Advocacy organization says video of House Appropriations exchange illustrates why the legislature must demand accountability before approving new PSP programs
HARRISBURG, PA — The Pennsylvania Association for Rational Sexual Offense Laws (PARSOL) today responded to video from Tuesday’s Pennsylvania State Police House Appropriations budget hearing, in which State Representative Emily Kinkead (D-PA-20, Allegheny County) questioned Acting Commissioner Lt. Colonel George Bivens about the PSP’s failure to implement the telephonic registration system required by Act 10 of 2018 — and received no substantive answer.
PARSOL, which transmitted a formal policy memorandum to House and Senate leadership this week documenting fourteen months of failed attempts to obtain basic information about the system, said the exchange captured in Tuesday’s hearing reflects a pattern of non-accountability the organization has encountered repeatedly. ([Download the PARSOL Policy Memorandum →])
“We have been asking the Pennsylvania State Police for over a year to explain why a telephone system mandated by the legislature in 2018 still isn’t reliably working in 2026,” said PARSOL Legislative Director Randall Hayes (Harrisburg). “Representative Kinkead asked the same question in a public budget hearing, and the Commissioner couldn’t answer it. That tells you everything you need to know about why the legislature needs to exercise serious oversight before approving new PSP programs.”
Act 10 of 2018 amended Pennsylvania’s Megan’s Law to provide individuals who had maintained three consecutive years of full registration compliance an alternative to in-person quarterly appearances: they could satisfy their remaining verification requirements by telephone, with one annual in-person appearance for identity verification and photography. The statute placed responsibility for developing and operating the system with the Pennsylvania State Police, which was required to publish notice of the system’s operational status in the Pennsylvania Bulletin before any registrant could use it.
The PSP published that notice on June 3, 2023 — five years after the law’s enactment.
Since that publication, PARSOL has documented persistent, systemic failures in the system’s administration including being told by PSP representatives that the system doesn’t work and, even, that there is no telephone registration system in existence.
PARSOL’s policy memorandum, transmitted to legislative leadership on March 11, 2026, documents this chronology in full and raises five unresolved legal questions — including whether individuals turned away from telephonic registration may have faced criminal exposure for a registration failure that was the PSP’s own.
Fiscal Accountability
PARSOL also urged the Appropriations Committee to scrutinize the public safety return on the Commonwealth’s substantial investment in registry administration.

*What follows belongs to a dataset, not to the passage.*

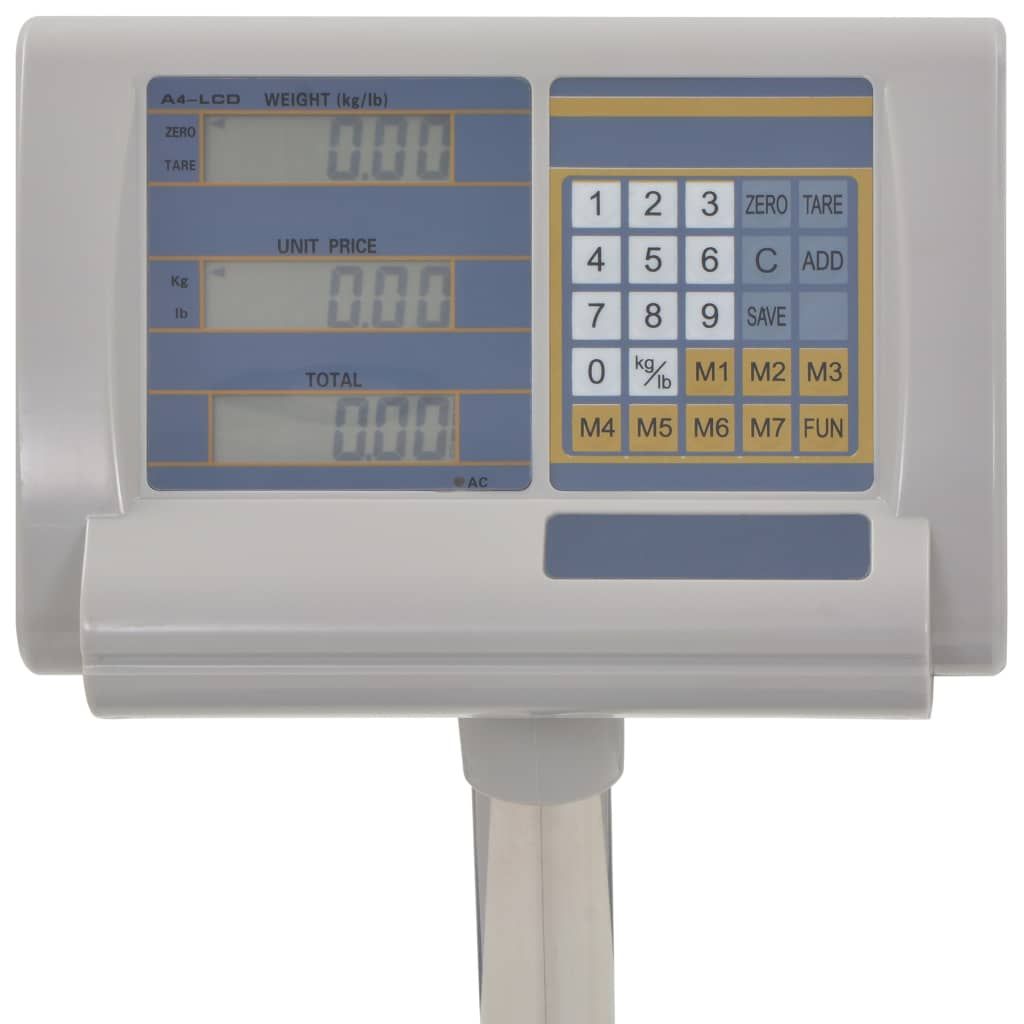 LCD zaslon z osvetlitvijo je svetel in preprost za branje. Električna tehtnica ima 2 načina enot tehtanja v kg in lb in je zelo preprosta za uporabo. Nudi funkcije, kot so samodejno računanje, samodejno sledenje ničli, alarm za preobremenitev in način varčevanja z energijo, kadar ni v uporabi več kot 10 sekund. Jeklen okvir je izjemno vzdržljiv, podstavek za tehtanje iz nerjavečega jekla pa je odporen na rjo.

Pennsylvania spends millions of dollars annually maintaining and enforcing its sex offense registry. That expenditure includes personnel, technology infrastructure, compliance monitoring, enforcement operations, and incarceration for technical violations. Research has consistently found no measurable reduction in rates of sexual offending attributable to public registries or notification laws. Ninety-five percent of sexual offenses are committed by individuals with no prior conviction who would not appear on any registry.
PARSOL emphasized that this is not an argument against accountability for those who commit sexual offenses. It is an argument for ensuring that public safety resources are directed toward approaches that research shows actually work — including prevention education, evidence-based treatment, and law enforcement capacity focused on new offenses – rather than systems that studies consistently show fail to reduce sexual violence.
PARSOL is urging the Pennsylvania General Assembly to take the following actions in connection with the PSP’s budget request:
- Require a full accounting of the telephonic registration system’s operational status before approving new PSP program funding – including documentation of procedures, staff training, and statewide consistency of administration.
- Direct the PSP to update all registrant communications to include telephonic registration information, eligibility criteria, and the designated telephone number, as required by statute.
- Commission a cost-benefit analysis of Pennsylvania’s sex offense registry administration, including an assessment of whether current expenditures are producing measurable improvements in public safety outcomes.
- Conduct further oversight hearings on PSP’s implementation of existing statutory mandates before authorizing expansion of new programs or administrative authorities.
“If any other Commonwealth program consumed this level of resources without evidence of effectiveness, the Appropriations Committee would demand answers,” said PARSOL Managing Director John Dawe (Dallas, PA). “The registry deserves the same standard of fiscal accountability. We are calling on the legislature to ask PSP not just whether the telephonic system is working, but whether the overall investment in registry administration is delivering the public safety returns that taxpayers deserve. Survivors of sexual harm deserve programs that actually work, not just sound good on paper.”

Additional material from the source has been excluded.